CN106649271A - Translation-based word document analysis method - Google Patents
Translation-based word document analysis method Download PDFInfo
- Publication number
- CN106649271A CN106649271A CN201611180452.8A CN201611180452A CN106649271A CN 106649271 A CN106649271 A CN 106649271A CN 201611180452 A CN201611180452 A CN 201611180452A CN 106649271 A CN106649271 A CN 106649271A
- Authority
- CN
- China
- Prior art keywords
- file
- word document
- xml format
- translation
- paragraph
- Prior art date
- Legal status (The legal status is an assumption and is not a legal conclusion. Google has not performed a legal analysis and makes no representation as to the accuracy of the status listed.)
- Pending
Links
Classifications
-
- G—PHYSICS
- G06—COMPUTING; CALCULATING OR COUNTING
- G06F—ELECTRIC DIGITAL DATA PROCESSING
- G06F40/00—Handling natural language data
- G06F40/20—Natural language analysis
- G06F40/205—Parsing
-
- G—PHYSICS
- G06—COMPUTING; CALCULATING OR COUNTING
- G06F—ELECTRIC DIGITAL DATA PROCESSING
- G06F40/00—Handling natural language data
- G06F40/10—Text processing
- G06F40/103—Formatting, i.e. changing of presentation of documents
- G06F40/117—Tagging; Marking up; Designating a block; Setting of attributes
-
- G—PHYSICS
- G06—COMPUTING; CALCULATING OR COUNTING
- G06F—ELECTRIC DIGITAL DATA PROCESSING
- G06F40/00—Handling natural language data
- G06F40/40—Processing or translation of natural language
- G06F40/42—Data-driven translation
- G06F40/47—Machine-assisted translation, e.g. using translation memory
Landscapes
- Engineering & Computer Science (AREA)
- Theoretical Computer Science (AREA)
- Health & Medical Sciences (AREA)
- Artificial Intelligence (AREA)
- Audiology, Speech & Language Pathology (AREA)

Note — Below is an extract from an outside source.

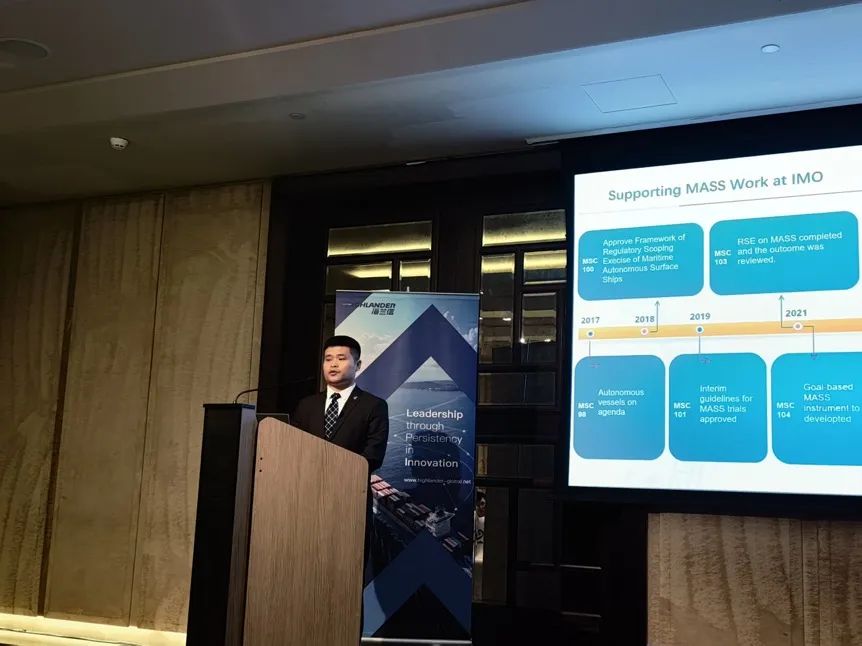 中国船级社(CCS)迪拜分社检验部经理卢炜先生也在现场为大家系统介绍了CCS在智能船舶领域的全球实践:主导制定《智能船舶规范》4.0版及MASS国际规则,赋能200余艘i-Ship认证船舶,并联合专业合作伙伴共建测试验证体系,携手开拓中东智能航运新蓝海。

- Computational Linguistics (AREA)
- General Health & Medical Sciences (AREA)
- Physics & Mathematics (AREA)
- General Engineering & Computer Science (AREA)

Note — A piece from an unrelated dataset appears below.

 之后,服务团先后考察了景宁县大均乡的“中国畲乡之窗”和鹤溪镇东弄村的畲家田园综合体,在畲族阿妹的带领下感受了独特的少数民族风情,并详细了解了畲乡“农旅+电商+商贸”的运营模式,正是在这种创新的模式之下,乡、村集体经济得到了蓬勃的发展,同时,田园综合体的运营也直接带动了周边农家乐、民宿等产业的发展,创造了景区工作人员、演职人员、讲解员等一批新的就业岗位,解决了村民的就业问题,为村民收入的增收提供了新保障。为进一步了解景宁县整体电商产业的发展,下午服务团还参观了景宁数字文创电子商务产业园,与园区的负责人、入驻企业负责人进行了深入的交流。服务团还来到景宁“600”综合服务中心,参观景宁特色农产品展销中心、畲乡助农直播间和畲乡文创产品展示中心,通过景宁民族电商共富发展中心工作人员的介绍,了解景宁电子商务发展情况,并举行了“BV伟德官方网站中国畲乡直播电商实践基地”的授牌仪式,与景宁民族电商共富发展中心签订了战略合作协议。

- General Physics & Mathematics (AREA)
- Document Processing Apparatus (AREA)
Abstract
The invention discloses a translation-based word document analysis method. The method comprises the following steps of scanning and analyzing a file in an XML format by utilizing XPath; constructing a POI paragraph according to wp tag contents obtained by scanning; and analyzing an original text and a style in the paragraph, recording position information of wp in the file and performing numbering. According to the method, the file in the XML format is scanned and analyzed by utilizing the XPath, and the paragraph is identified by identifying the wp tag, so that the situation that missing translation cannot be identified in the paragraph of a nested form during form nesting is effectively avoided.
Description
Technical field
The present invention relates to translation technology field, and in particular to a kind of word document analytic method based on translation.
Background technology
Computer-aided translation software development has defined the different technology such as translation, memory, storage former to today
Reason.Computer-aided translation software can be parsed first when processing word document to word document.Existing word
In processing procedure, there are the following problems for it for document analytic method, if there are the feelings of the embedding form of form as shown in Figure 1 in document
Condition, then the form in form can not be resolved out, so as to cause to leak situation about turning over.

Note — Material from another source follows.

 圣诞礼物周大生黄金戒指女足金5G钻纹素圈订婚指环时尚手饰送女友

The content of the invention
The present invention provides a kind of word document analytic method based on translation to solve above-mentioned technical problem.
The present invention is achieved through the following technical solutions:
A kind of word document analytic method based on translation, comprises the following steps,
Using XPath scanning parsing XML format files;
According to the wp label substances construction POI paragraphs that scanning is obtained;
Source text and pattern in parsing paragraph, record wp positional informations hereof and number.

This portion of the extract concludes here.